Machining process targets moldmakers and more

Published
February 29, 2016 - 06:00pm

Imagine a machining process that removes material five times faster than milling and 10 times faster than sinker EDMing, machines Inconel and hardened steel with ease, holds tolerances to ±0.0006" and utilizes the same tool to process thousands of parts with virtually no tool wear. 

Machine builder EMAG LLC USA, Farmington Hills, Mich., calls this process pulsed electrochemical machining (PECM). A subset of electrochemical machining, PECM is far more accurate than the decades-old ECM and has matured into a viable alternative to more-traditional machining processes over the past few years, according to the company. 
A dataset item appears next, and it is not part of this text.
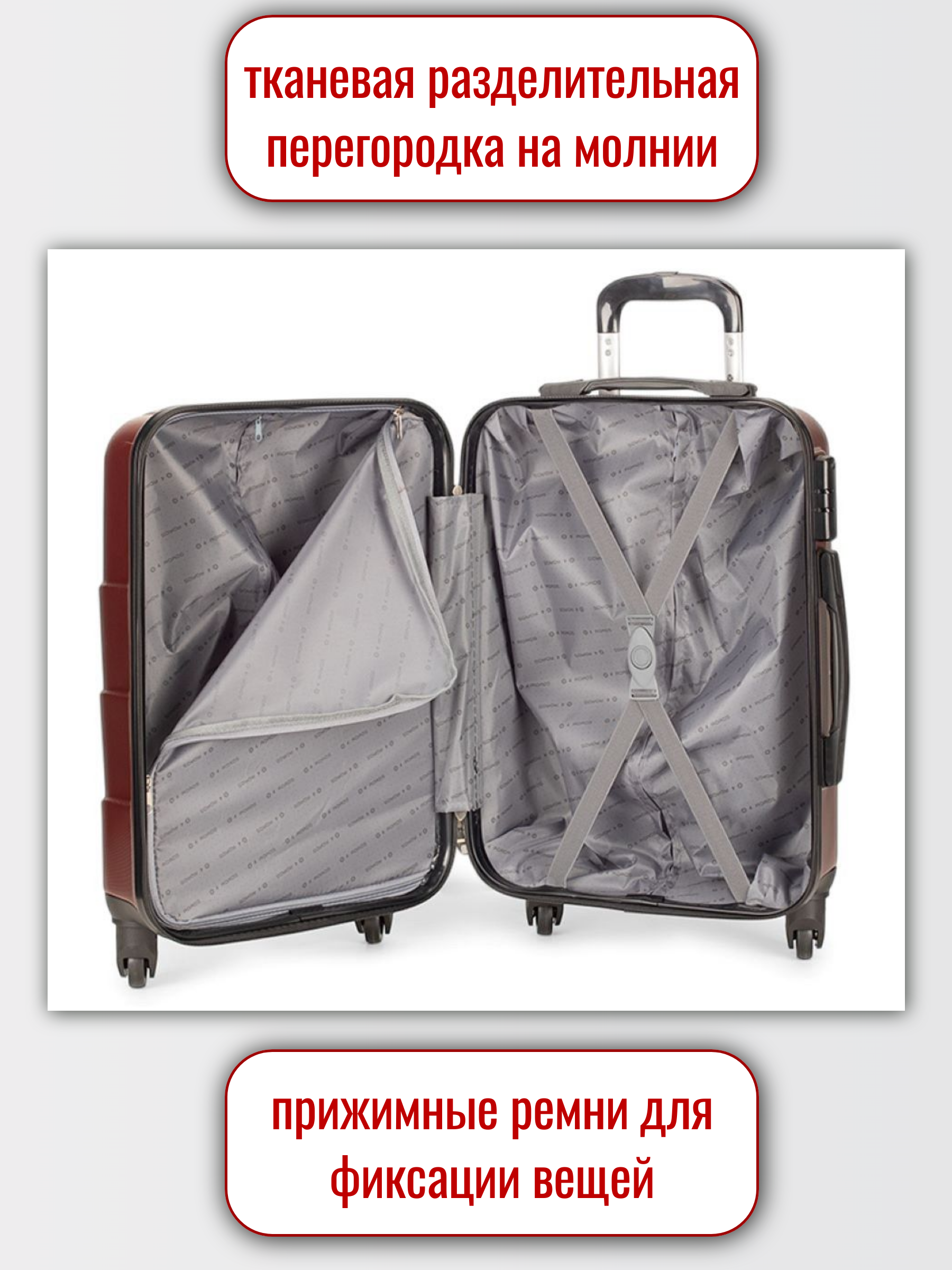 Внутри чемодана имеется тканевая разделительная перегородка на молнии.

The primary difference between the two technologies is one of movement. “They’re both electrochemical in nature, but PECM utilizes an oscillating movement in conjunction with an electrical pulse,” said Jonathon Chomicz, ECM/PECM product manager for EMAG. “Conventional ECM, on the other hand, is always ‘on.’” 

PECM is similar to sinker EDM-ing. For example, both processes require an electrically conductive tool and workpiece and a fluid to serve as a medium between the tool and workpiece. One difference between PECM and EDM is the proximity of the cathode (the tool) to the anode (the workpiece) during machining. Where the spark gap with sinker EDM is about 0.0023", PECM comes within a kissing distance of just a few tenths. The result is a fast, low-temperature process that avoids the heat-affected zone associated with EDMing and suffers virtually no tool wear. This makes it an ideal solution for tool, mold and die makers, as well as other applications where HAZ can negatively impact product quality. 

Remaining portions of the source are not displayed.